What I’m reading: I haven’t started it yet, but I received Tart on pre-order this week, and I am dying to get stuck into it (below)
What I’m listening to: Sophie Turner on Dish with Nick Grimshaw and Angela Hartnett
What I’m eating: a very good lunch at Berenjak (below)
Look, I know I posted a tart recipe last week, but this peach tatin is totally different to its honey counterpart. It’s also a good week to celebrate tart because the highly anticipated Tart memoir came out this week (see above). Peach tatin is currently on the menu at the Fat Badger because I think it’s the perfect showcase for the best in season (currently stone fruit and especially peaches). It’s also really quick to make, and the peaches can be substituted for other stone fruits if you like.

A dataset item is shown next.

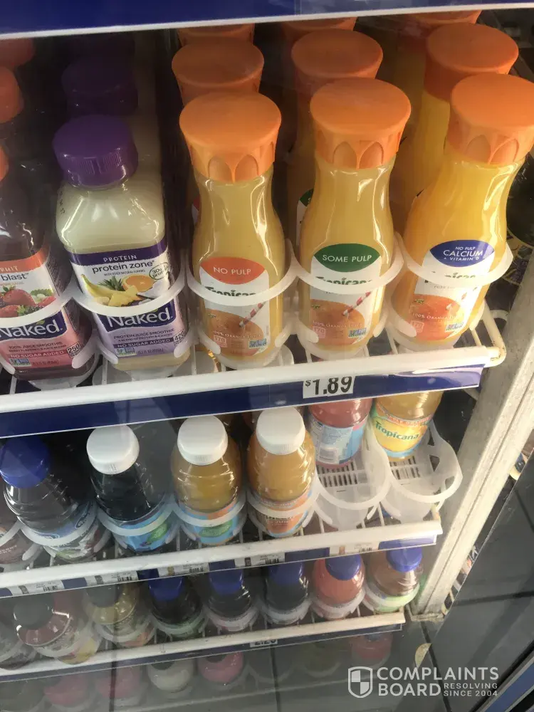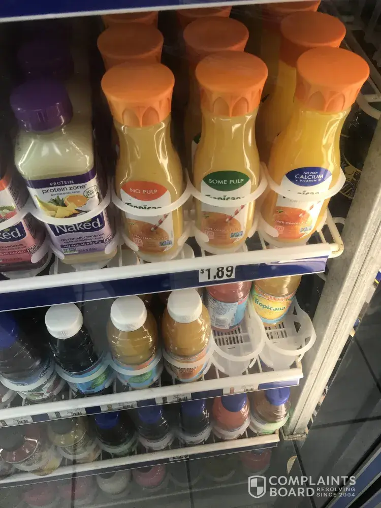 I buy juice Tropicana orange juice, the price on display $1.89. The cashier charge $2.29.

I resisted tatin for a long time at the Fat Badger because we don’t currently have the facilities to make puff pastry, and I didn’t want to use a shop-bought one. Lamination kind of used to be my thing, and my pride wouldn’t let me make a tart tatin with a puff pastry that I hadn’t made myself. Anyway, I’m over that now because we’ve found a really good all-butter French puff pastry that we’re using, and I think it’s turning out pretty spectacularly. We serve it by the slice with fig leaf ice-cream, but I also served a whole one to my dad and his friends last week with fig leaf crème anglaise, which I think was even more chic.

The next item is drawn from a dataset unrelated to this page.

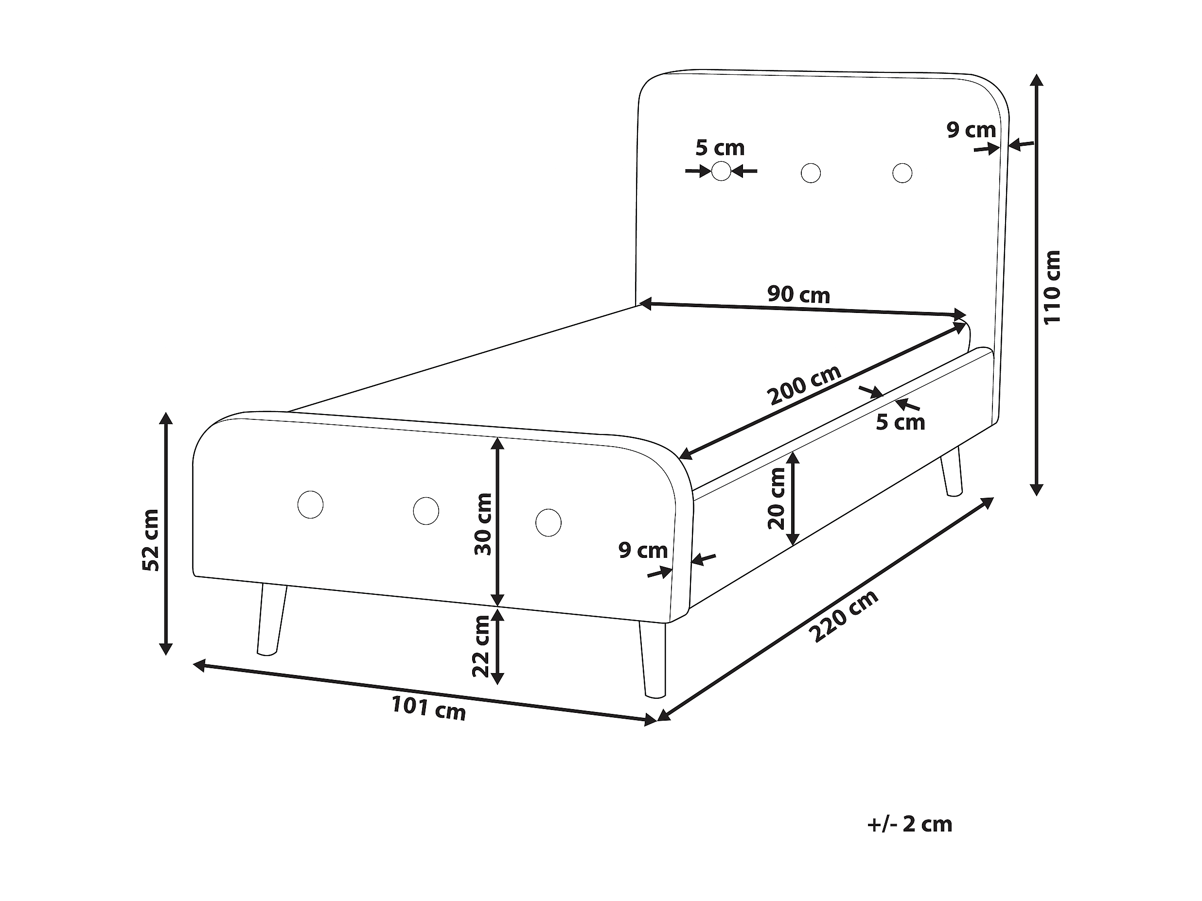 Lit avec sommier Tissu RENNES 90 x 200 cm Gris foncé

The trick with this tart is not to take the caramel too dark initially. The temptation is to take it to that really dark smoky point that would be perfect for, say, an ice-cream base - because you’re diluting the burnt sugar with so much milk and cream that you need the caramel to be punchy so that the flavour carries through. This caramel, however is going to sit right next to the delicate peaches, and actually gets another 25 minutes in the oven once the pastry has gone on top - so you really don’t want to overdo it in the first stage of caramelisation. You’re looking for a caramel that’s maybe deep amber/light chestnut - no darker. I’ve had to ask some of the chefs to leave their macho notions at the door, and not take this caramel as far as they possibly can - but proceed with caution and err on the side of lighter rather than darker.